Phone sensors can save lives by revealing what floor you are on

By Chris Baraniuk

3 November 2017

High-rise rescue

High-rise rescue

Mustafa Hassona/Anadolu Agency/Getty

Knowing the location of an emergency caller can be a matter of life and death. But sometimes those seeking help are too panicked to speak clearly or don’t know where they are. Some callers don’t feel it is safe to speak at all, simply calling 999 or 911 in silence.

Now William Falcon and Henning Schulzrinne at Columbia University in New York have come up with a way to use a smartphone’s sensors to pinpoint not only where in a building a caller is located, but the floor as well. By combining GPS, signal strength and atmospheric pressure – using the barometer that many smartphones now contain – the pair created an app called Sensory that could identify how high up a caller was. Sensory is available online but the pair hope the system might be integrated into future smartphones.

The first step is to detect when someone is inside a building. “The GPS coupled with the strength signal of your phone gives a strong indication of whether you’re indoors or outdoors,” says Falcon. But what floor? Many smartphones, including all iPhones released since 2014, can now detect their elevation above sea level. This gives the altitude, but that doesn’t translate directly to floor number because the distance between floors can significantly vary from building to building.

To solve this problem, Falcon and Schulzrinne tracked volunteers who repeatedly visited different floors of certain buildings. Movement data was clustered at certain altitudes, revealing distinct floors.

Storey time

The pair also used plans of 1100 New York buildings to work out the average distances between floors in residential blocks versus office blocks. This meant that anyone in a building where data hadn’t previously been collected could also be located, provided the type of building was known.

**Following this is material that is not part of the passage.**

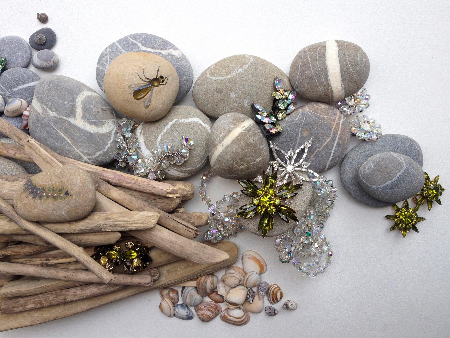 Es grenzt an ein Wunder, dass diese Schmuckstücke überlebt haben, fünfzig, hundert, hundertfünfzig Jahre: Ohrringe, Ketten, Broschen und Armbänder, Kleiderclips, Manschettenknöpfe, von Hand gemacht – und von Hand zu Hand weitergegeben. Geschnitztes findet sich neben Geschliffenem und Gegossenem, versteinertes Holz neben Silber, Glas, Strass, Bakelit, Bernstein, Korallen, Perlmutt. Vieles grenzt hier auf diesen wenigen Quadratmetern an ein Wunder. Wer den Laden betritt, den Blick über die Exponate schweifen lässt und eines in die eigene Hand nimmt, beginnt eine Reise, durch Sehnsüchte, Fantasien, Bilder, gelebte und mögliche Leben.

Falcon tested the app by visiting 63 random floors at five New York buildings, including the Rockefeller Center. In 91 per cent of the tests, the system was accurate to within two floors.

Binghao Li at the University of New South Wales in Sydney thinks the new approach is interesting, but says the pair exaggerate how much of an improvement over existing systems it is. Li and his colleagues have developed a system that estimates floor location using Wi-Fi signals.

Having multiple options is a good thing, however. Locating emergency callers accurately in high-rise buildings is vital, says Kevin Kupietz, who teaches industrial safety and emergency management at Elizabeth City State University in North Carolina.

It could also keep responders safe themselves. “If a firefighter is able to more efficiently be directed to the exact location, including floor, the less time the responder is in the danger zone and the less chance of them becoming hurt,” he says.

The Metropolitan Police Service in London also welcomes the idea. “Any development that significantly assists emergency services in identifying the exact location of callers using mobile phones could be of assistance to us,” says a spokesperson.